Arstecnica
On Thursday, Google researchers unveiled a new generative AI model. MusicLM You can create 24 KHz musical audio from text descriptions such as “A soothing violin melody backed by a distorted guitar riff.” It can also convert humming melodies to another music style and output music for several minutes.
MusicLM is Google’s “a With a caption from “Large Datasets of Unlabeled Music” MusicCaps is a new dataset consisting of 5,521 music-text pairs. MusicCaps takes text descriptions from human experts and fetches corresponding audio clips from Google. audio setis a collection of over 2 million labeled 10-second sound clips extracted from YouTube videos.
Generally speaking, MusicLM works in two main parts. First, it takes a set of audio tokens (sound fragments) and maps them to semantic tokens (meaningful words) in the training captions. The second part takes the user’s captions and input audio and generates acoustic tokens (sound fragments that make up the resulting song output). The system relies on a previous AI model called AudioLM (introduced by Google in September) along with other components such as sound stream When Mulan.
Google claims MusicLM is better Before AI music generator in audio quality and text description adherence. on MusicLM Demonstration page, Google provides many examples of AI models in action, creating audio from “rich captions” that describe the feel of music, and even vocals (so far gibberish) . Below are some examples of rich captions they offer.

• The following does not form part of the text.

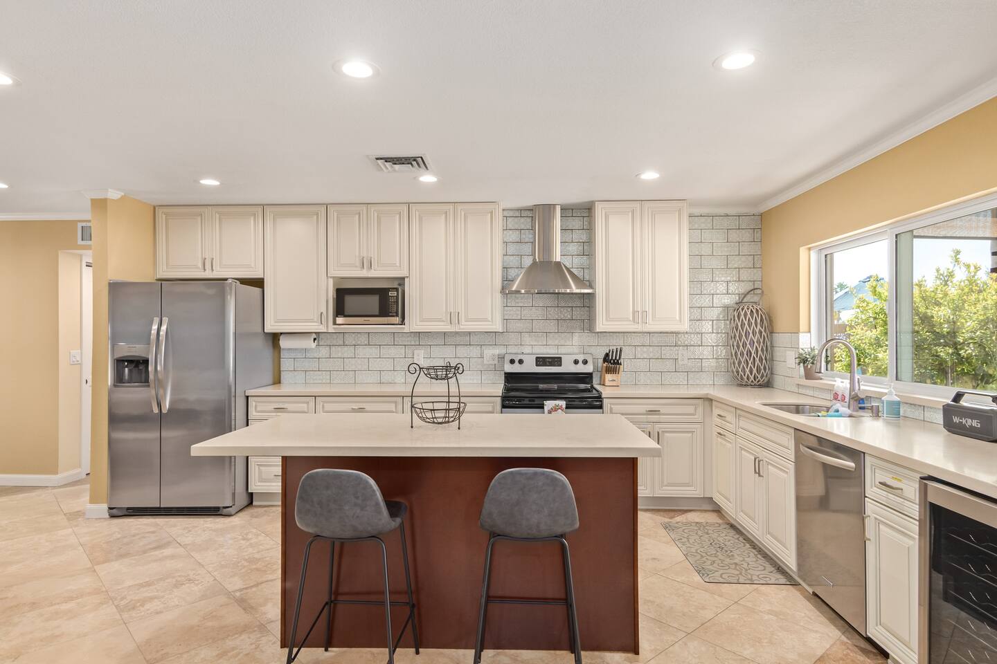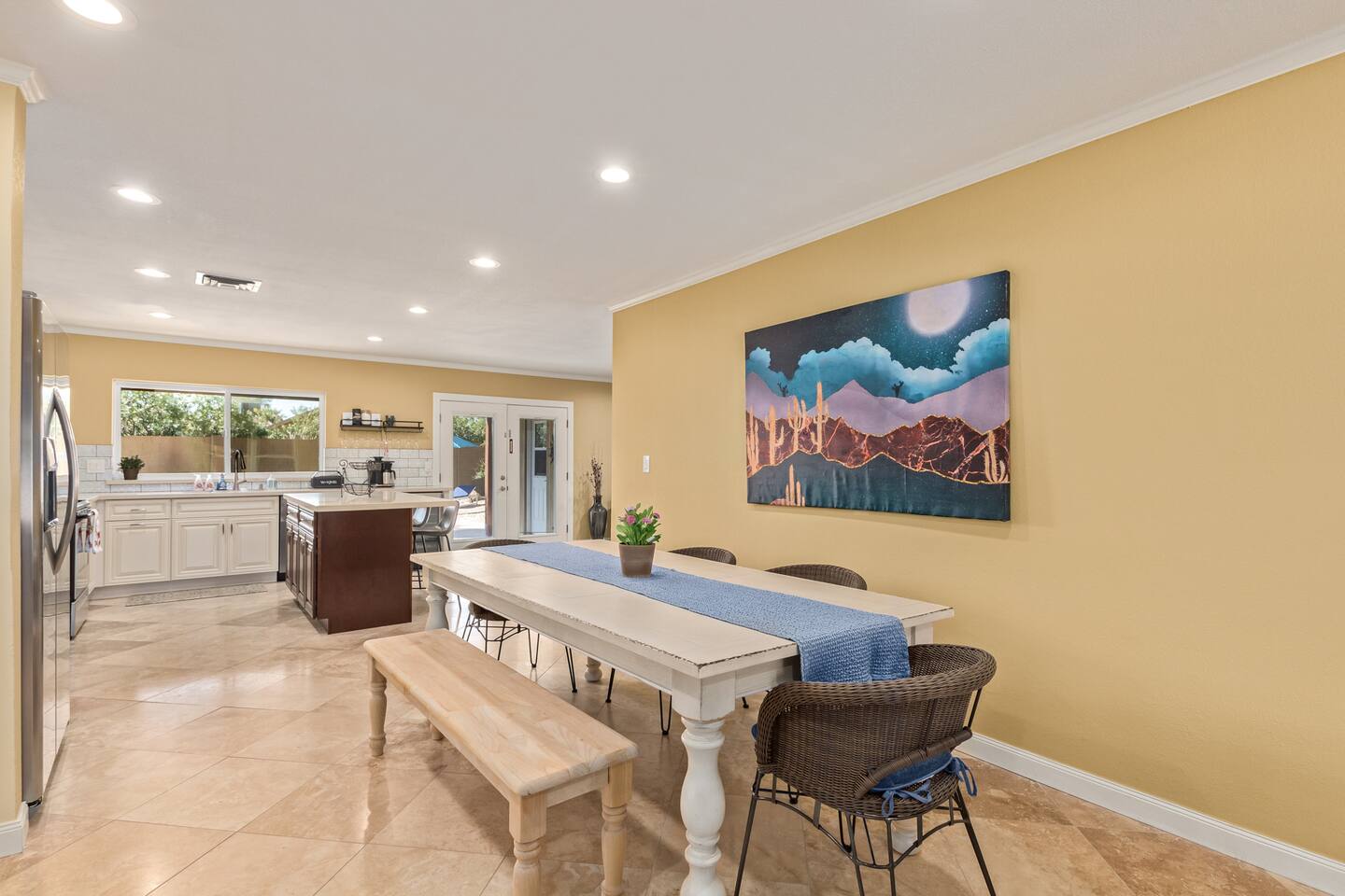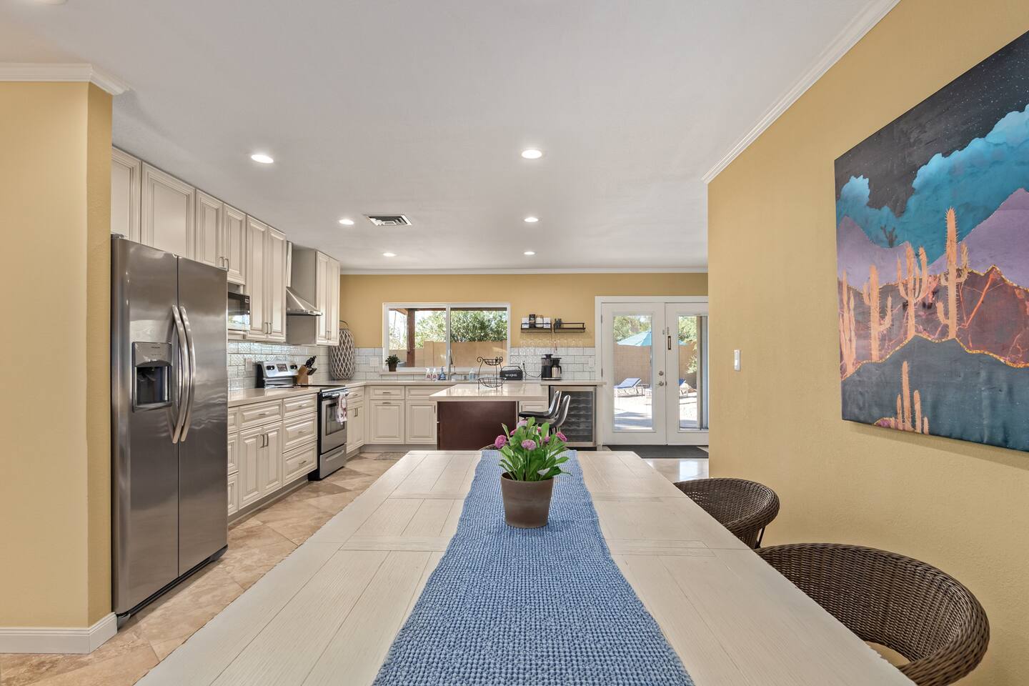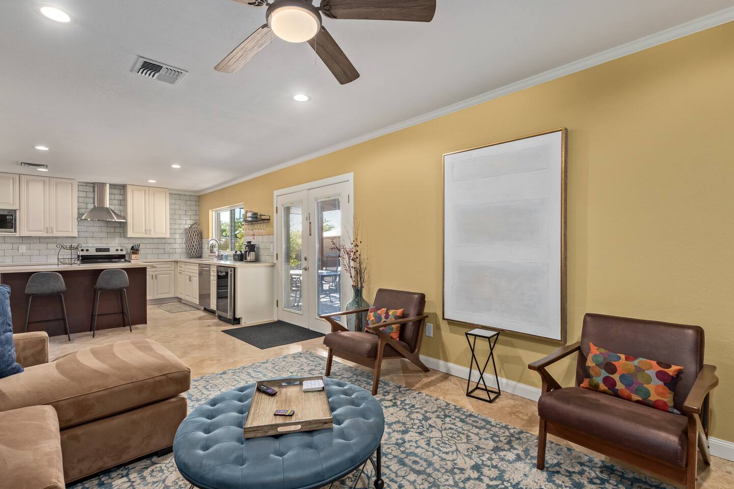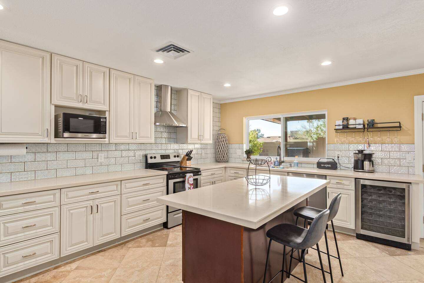 Walking through the door, you'll feel right at home. This residence and its private backyard offer a string of wow moments to make your stay unforgettable. Flooded with sunlight through dual-pane windows, the layout flows beautifully, accented by stylish tile and wood floors. The kitchen, a true highlight, boasts a spacious island with a breakfast bar and a wine fridge for your enjoyment. You can retreat to the primary bedroom and discover a generous walk-in closet equipped with upscale organizers, making it easy to settle in. This home is perfectly adaptable to your needs, ideal for short-term getaways or extended stays, and fully furnished for your convenience. For the adventurers, South Mountain's preserve trails are just across the street, offering over 50 miles of hiking and mountain biking trails. Welcome to your perfect escape, where every day feels like a vacation. Pool Heating: ★ Extra fees apply ★ Minimum 3-night stay (can take two days to reach the desired temp) ★ Long-term stay fees negotiable

Slow tempo, bass & drum driven reggae song. sustain electric guitar. A high-pitched bongo with a ringing sound. Vocals are laid back, relaxed, and very expressive.
Google also has MusicLM’s “Long Generation” (which creates five-minute music clips from simple prompts), “Story Mode” (which takes a sequence of text prompts and transforms them into a morphing series of musical songs), “Text and melody conditioning” (takes human humming or whistling audio input and modifies it to match the style laid out in the prompt), and generates music that matches the mood of the image caption.

Google research
Further down the example page, Google searches for specific instruments (e.g. flute, cello, guitar), different musical genres, different musicians’ levels of experience, locations (jailbreak, gym), time periods (clubs 1950s), etc.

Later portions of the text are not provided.